IR – Word Representation, Transformer/BERT Flashcards
Lection 4
Why do we have to map words into some numerical vectors for the neural techniques?
Because the neural networks operate in continuous spaces, and without continued values there is no training/learning (no gradient descent)
What is One-Hot Encoding?
It is an encoding strategy where vectors have a size of a vocabulary. Each word in a vocabulary is mapped to a vector that has exactly one “1” and the rest is “0”.
It is a bad encoding strategy because it is very sparce: a lot of wasted memory
What are word embeddings?
It is a way to represent words as a dense vector of continuous values. The dimension of vectors are abstract (100-300 dimensions), and they allow for some math operations: semantically similar words are closer in the high-dimensional space.
How are the word embeddings created?
Using some unsupervised methods, such as Word2Vec, Glove, some Transformer-based methods (BERT) etc.
It is unsupervised because we don’t give explicit labels, but we have the real text how people use it, and model’s job is to predict the next word in a sequence.
What are some problems of Word2Vec algorithm?
- Word ordering: the mapping of one-hot encoding to some dense representation (what Word2Vec does) still have the same problems like the one-hot encoding (excluding the sparsity problem):
- Ordering of words matter: “it was not good, it was actually quite bad” vs “it was not bad, it was actually quite good”
- Different meanings of the same words (vector doesn’t change based on the context)
- What happens if there is a out-of-vocabulary (OOV) word?

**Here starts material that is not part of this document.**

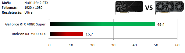Bár az AMD kártyáival is elindul a játék, de keserves sebességgel fut, amin nem is lepődhetünk meg, hiszen NVIDIA gyártóspecifikus eszközökkel lett fejlesztve. DLSS nélkül azonban még a 4080 Super-rel is csak Full HD felbontásban kapunk értékelhető sebességet.

Explain Word2Vec algorithm
We have a neural network with 1 hidden later to predict words. The input word is encoded using one-hot encoding. The output layer should predict the next word in a sequence, but we don’t care about that in this algorithm, we care about the hidden layer. By training this NN, the hidden layer should train how to make an abstraction of an input word using less neurons (values). So instead of one-hot encoding vector (size of the vocabulary), the hidden layer will have 100-300 neurons (values) which NN will learn how to ‘map’ one hot encoding to some lower-dimension representation.
What is query expansion?
It is a way to expand the search query with similar words. This can be done with word embeddings. We can find the similar words (vectors close to some other vector) and append them to the query.
sample -> example, sampling
query -> inquire, question
How can CNNs be used with word embeddings?
Word embeddings of N-grams is not feasable (sparcity problem: many values would be zeroes, or large vectors, and not enough of training data usually: no connection between ‘quite good’ and ‘very good’)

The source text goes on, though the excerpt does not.